Every record must come back unchanged, apart from the pictures, which are dropped.

*** DATA TO PROCESS Section Begins ***

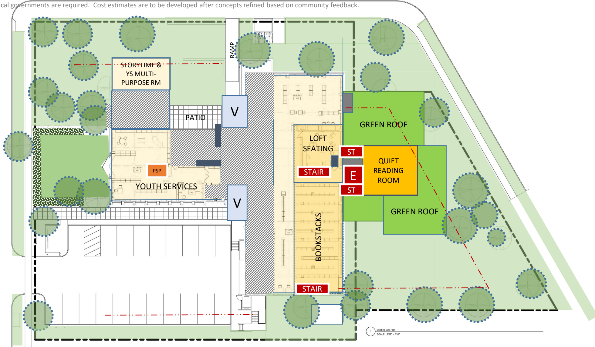
1 Existing Site Plan SCALE: 3/32" = 1'-0"
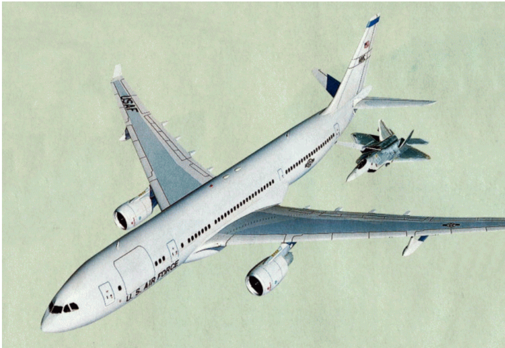
Figure 7. Artist Impression of KC-30
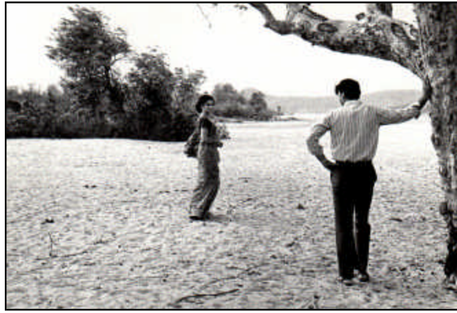
Aranyer Din-Ratri (Days and Nights in the Forest)
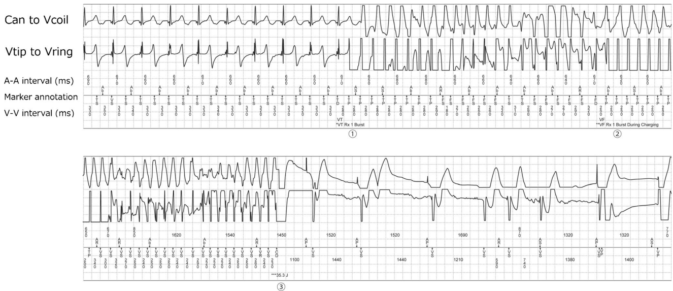
Fig. 2 An ICD-stored intracardiac electrogram. A 61-year-old man that had dilated cardiomyopathy and chronic hemodialysis received an ICD (Secura DR, Medtronic) for secondary prevention in 2009. In 2011, he had chest discomfort and unconsciousness, followed by a shock delivery at work. A stored electrogram shows that the sinus tachycardia with T wave oversensing with a cycle length of 330 ms triggers a burst of ATP (① VT Rx 1 Burst, cycle length of 280 ms). This results in an acceleration

to a tachycardia with a 250 to 320-ms cycle length, with a subsequent burst of ATP (② VF Rx 1 Burst During Charging, cycle length of 250 ms). This therapy degenerated the VT into VF, which required shock therapy for termination (③ 35.3 J). His creatinine was 12.1 mg/dL, and serum potassium was 7.0 mmol/L at admission. The upper and lower electrograms are continuous recordings. ATP antitachycardia pacing, VT ventricular tachycardia, VF ventricular fibrillation

*** DATA TO PROCESS Section Ends ***

SOLUTION TO THIS EXERCISE:
1 Existing Site Plan SCALE: 3/32" = 1'-0"
Figure 7. Artist Impression of KC-30
Aranyer Din-Ratri (Days and Nights in the Forest)
Fig. 2 An ICD-stored intracardiac electrogram. A 61-year-old man that had dilated cardiomyopathy and chronic hemodialysis received an ICD (Secura DR, Medtronic) for secondary prevention in 2009. In 2011, he had chest discomfort and unconsciousness, followed by a shock delivery at work. A stored electrogram shows that the sinus tachycardia with T wave oversensing with a cycle length of 330 ms triggers a burst of ATP (① VT Rx 1 Burst, cycle length of 280 ms). This results in an acceleration

to a tachycardia with a 250 to 320-ms cycle length, with a subsequent burst of ATP (② VF Rx 1 Burst During Charging, cycle length of 250 ms). This therapy degenerated the VT into VF, which required shock therapy for termination (③ 35.3 J). His creatinine was 12.1 mg/dL, and serum potassium was 7.0 mmol/L at admission. The upper and lower electrograms are continuous recordings. ATP antitachycardia pacing, VT ventricular tachycardia, VF ventricular fibrillation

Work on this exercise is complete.